TASK OBJECTIVE:
Leave the images aside and copy out the whole listing, exact to the word.
● ● ● ● ● ● ●
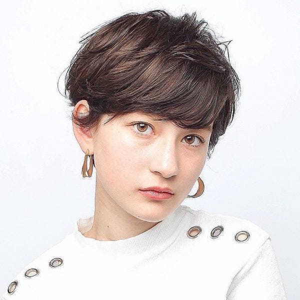 ドライな質感でスタイリングすると、くせ毛のような動きが作れておしゃれな外国人風ショートヘアも楽しめるヘアスタイルです。
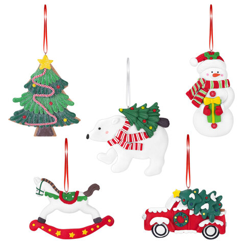 Елочное украшение выполнено в 5 дизайнах (без возможности выбора): белый мишка, очаровательный снеговик, нарядная елочка, лошадка-качалка и везущая праздничную елку машинка. Вы можете собрать целую коллекцию! Любое из этих украшений придаст Вашей ёлке неповторимость и добавит волшебства в праздник!
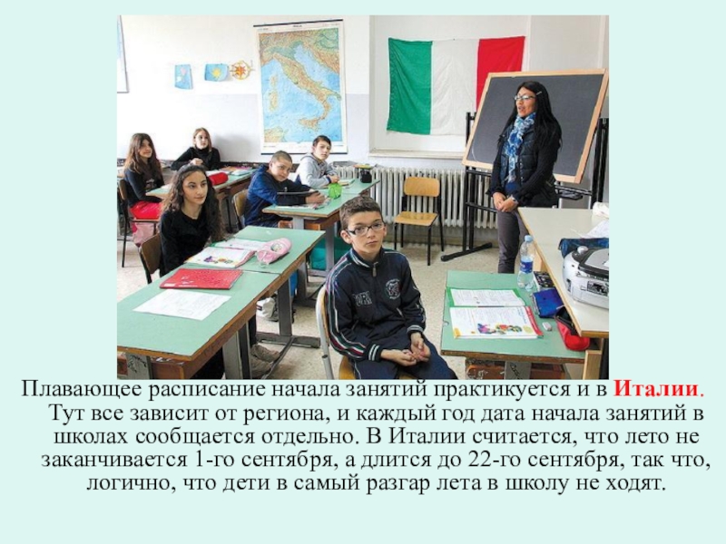 Слайд 8Плавающее расписание начала занятий практикуется и в Италии. Тут все зависит
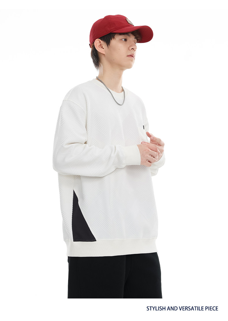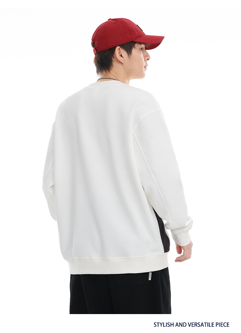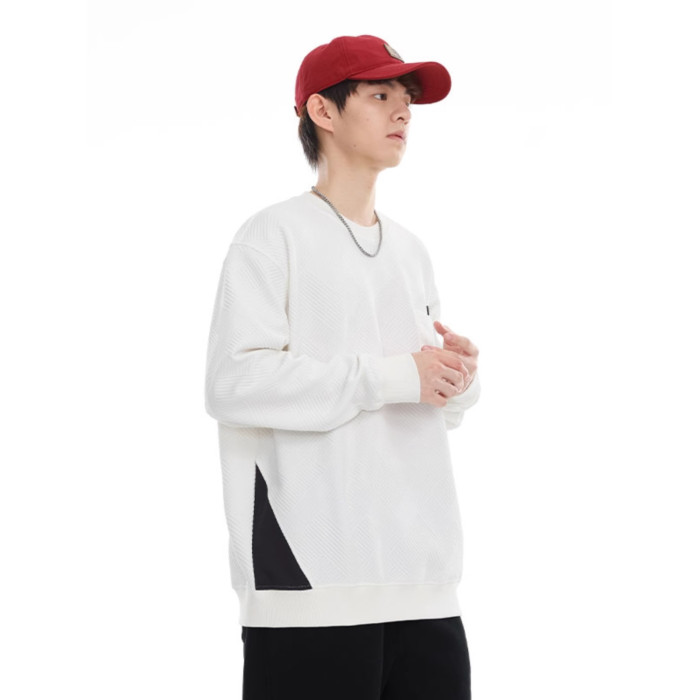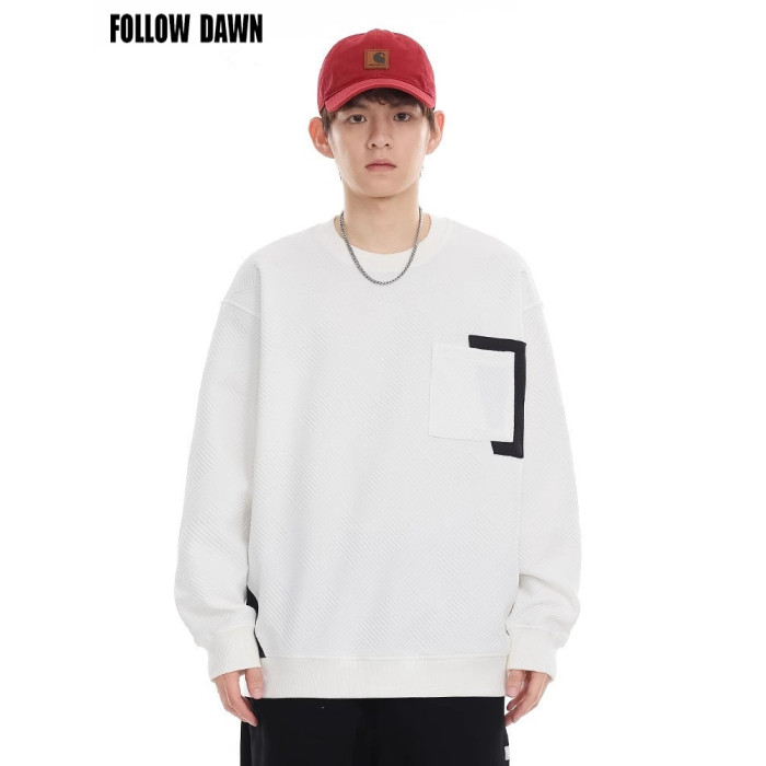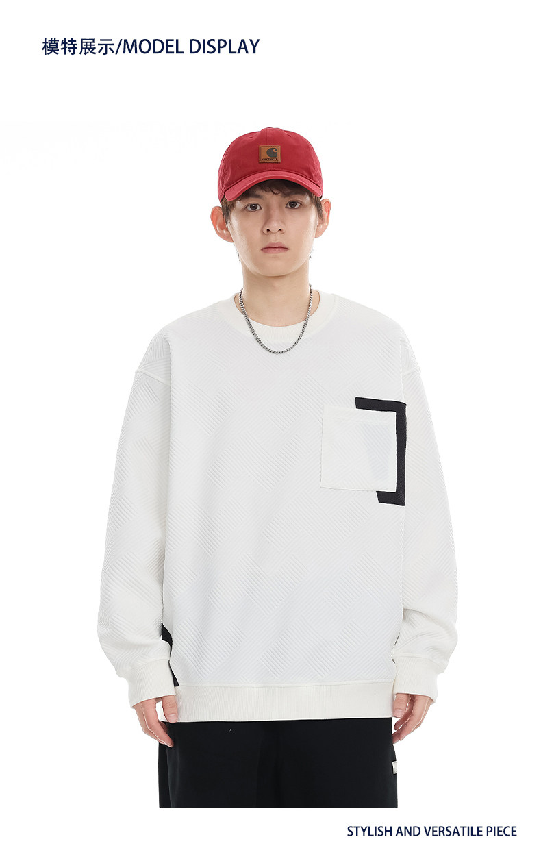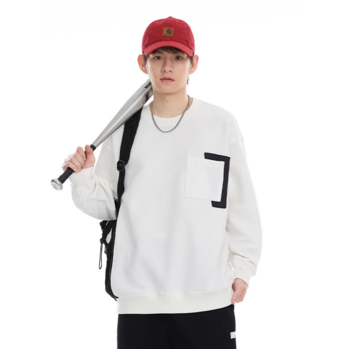 美式重磅肌理感圓領衛衣男士2025春季潮流寬鬆休閒套頭白色內搭
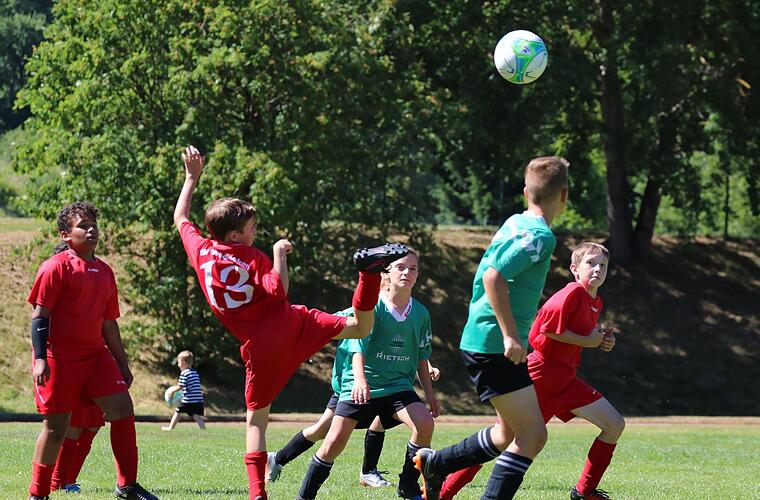 Bei hochsommerlichen Temperaturen und wolkenlosem Himmel am Fuße des Kreuzberges startete am Samstagnachmittag das Turnier der U11-Mannschaften, bei dem wiederum der FC Schweinfurt 05 zu den Favoriten zählte. Die SG Wildflecken war hierbei sogar mit drei Mannschaften am Start. Im Finale trug der VfL Sportfreunde Bad Neustadt mit 1:0 knapp den Sieg davon gegen den FC Coburg. Im kleinen Finale bezwang der FC Schweinfurt 05 die SG Wildflecken III recht deutlich mit 2:0. Auf dem fünften Platz landete die SG Thulba, die sich mit 2:1 gegen die SG Oberelsbach durchsetzen konnte. Den siebten Platz sicherte sich der VfR Stadt Bischofsheim durch einen 1:0-Sieg gegen die SG Oberleichtersbach. Im Spiel um Platz Neun kam es zum kuriosen Duell SG Wildflecken I gegen SG Wildflecken II, das die Erstvertretung mit 2:0 für sich entschied. Auf dem elften Platz landete der SV Römershag, der sich mit 3:2 gegen den FC 06 Bad Kissingen durchsetzte.
● ● ● ● ● ● ●
RESPONSE:
 ドライな質感でスタイリングすると、くせ毛のような動きが作れておしゃれな外国人風ショートヘアも楽しめるヘアスタイルです。
 Елочное украшение выполнено в 5 дизайнах (без возможности выбора): белый мишка, очаровательный снеговик, нарядная елочка, лошадка-качалка и везущая праздничную елку машинка. Вы можете собрать целую коллекцию! Любое из этих украшений придаст Вашей ёлке неповторимость и добавит волшебства в праздник!
 Слайд 8Плавающее расписание начала занятий практикуется и в Италии. Тут все зависит
 美式重磅肌理感圓領衛衣男士2025春季潮流寬鬆休閒套頭白色內搭
 Bei hochsommerlichen Temperaturen und wolkenlosem Himmel am Fuße des Kreuzberges startete am Samstagnachmittag das Turnier der U11-Mannschaften, bei dem wiederum der FC Schweinfurt 05 zu den Favoriten zählte. Die SG Wildflecken war hierbei sogar mit drei Mannschaften am Start. Im Finale trug der VfL Sportfreunde Bad Neustadt mit 1:0 knapp den Sieg davon gegen den FC Coburg. Im kleinen Finale bezwang der FC Schweinfurt 05 die SG Wildflecken III recht deutlich mit 2:0. Auf dem fünften Platz landete die SG Thulba, die sich mit 2:1 gegen die SG Oberelsbach durchsetzen konnte. Den siebten Platz sicherte sich der VfR Stadt Bischofsheim durch einen 1:0-Sieg gegen die SG Oberleichtersbach. Im Spiel um Platz Neun kam es zum kuriosen Duell SG Wildflecken I gegen SG Wildflecken II, das die Erstvertretung mit 2:0 für sich entschied. Auf dem elften Platz landete der SV Römershag, der sich mit 3:2 gegen den FC 06 Bad Kissingen durchsetzte.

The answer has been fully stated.